The containers were ordered a few weeks ago and Ministry spokesman Karl-Heinz Grundböck confirmed in an interview with Ö1 radio that Containex was commissioned to provide the order for a fee of €12 million - with no opportunity for other companies to bid for the contract.

He said that this was within the law as the containers were urgently needed to house the growing number of refugees requesting asylum in Austria, and Containex was able to provide them quickly.

The Greens party has said it will table a parliamentary question as to whether the government has paid over the odds for the containers, and should have put the contract out to tender.

It’s estimated that the government will pay €17,000 for each container home, which competitors say is almost twice the amount such a container costs when purchased for use as a weekend home, Ö1 reported, quoting unnamed competitors of Containex.  

However, Grundböck told the Austria Press Agency that the €12 million contract included 700 container homes which would be delivered immediately, and a further 500 to be supplied later.
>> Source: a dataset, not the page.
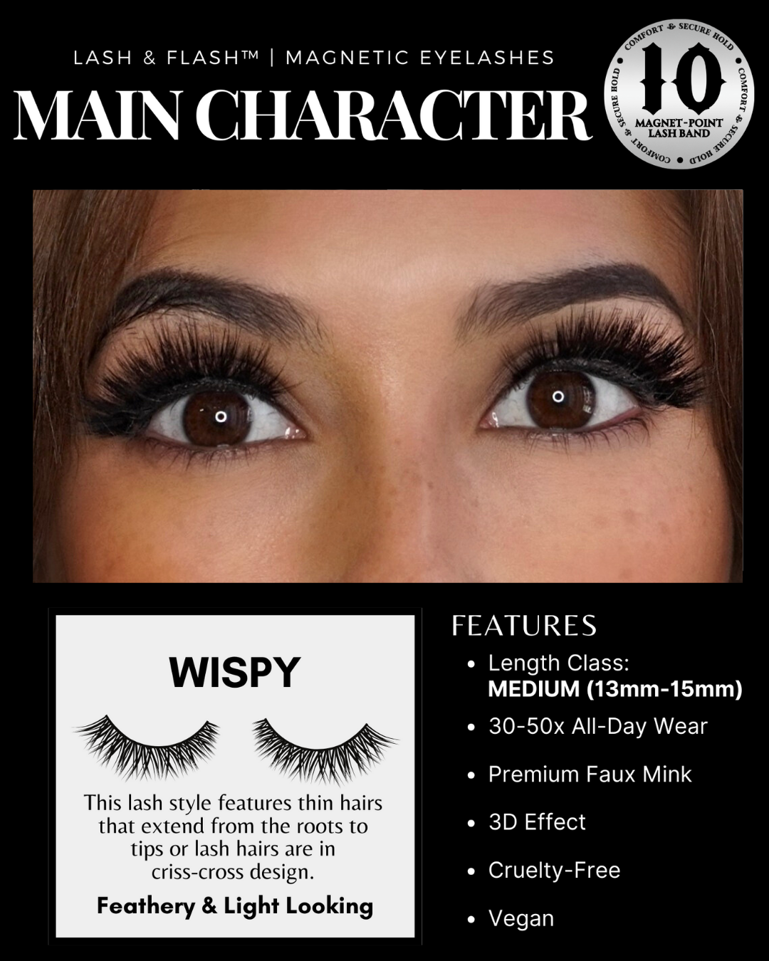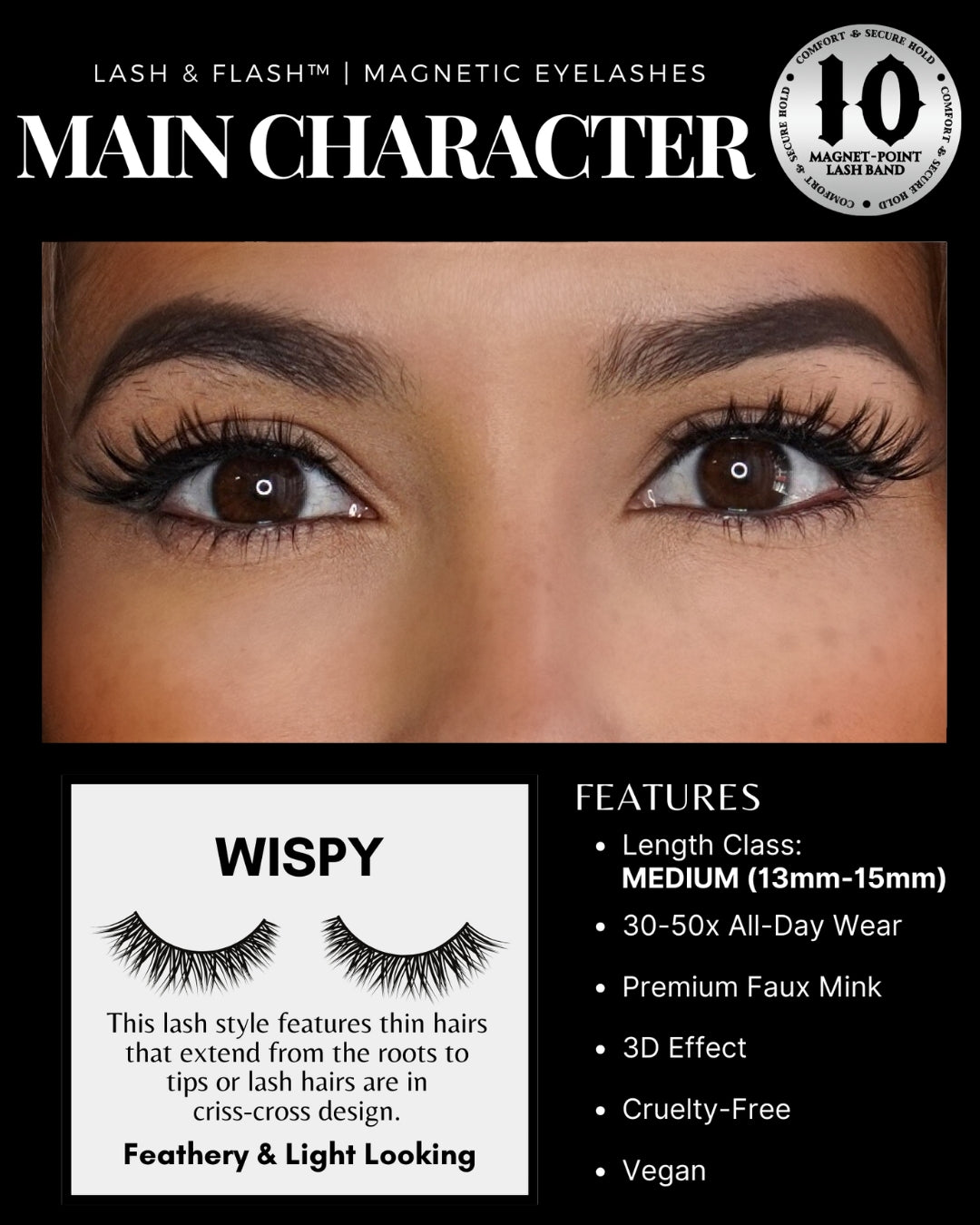 MAIN CHARACTER falls into the WISPY lash style category, producing a delicate and airy appearance that is gentle on the eyes. With a medium length of 13-15mm, it is a suitable choice for everyday use.

He said that the price also included the installation and assembly of the homes, and that some containers were already occupied by refugees.

In a written response, Containex said that the contract also included laying foundations for the container homes, installing power and fitting additional roofs or making changes to the interiors.
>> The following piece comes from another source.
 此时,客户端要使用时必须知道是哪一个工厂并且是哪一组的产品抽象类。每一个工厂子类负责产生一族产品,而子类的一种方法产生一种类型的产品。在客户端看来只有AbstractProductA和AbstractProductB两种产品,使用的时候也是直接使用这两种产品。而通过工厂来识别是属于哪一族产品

Containex is based in Wiener Neudorf, employs around 300 people and is part of the Walter Group. It is Europe’s largest manufacturer of container housing, and has also provided containers for France, Switzerland and Germany this year - countries which are also struggling to house refugees.

Refugee support groups say that container housing is not ideal, as what is meant to be a short-term solution can end up becoming permanent, with people living in temporary housing for years.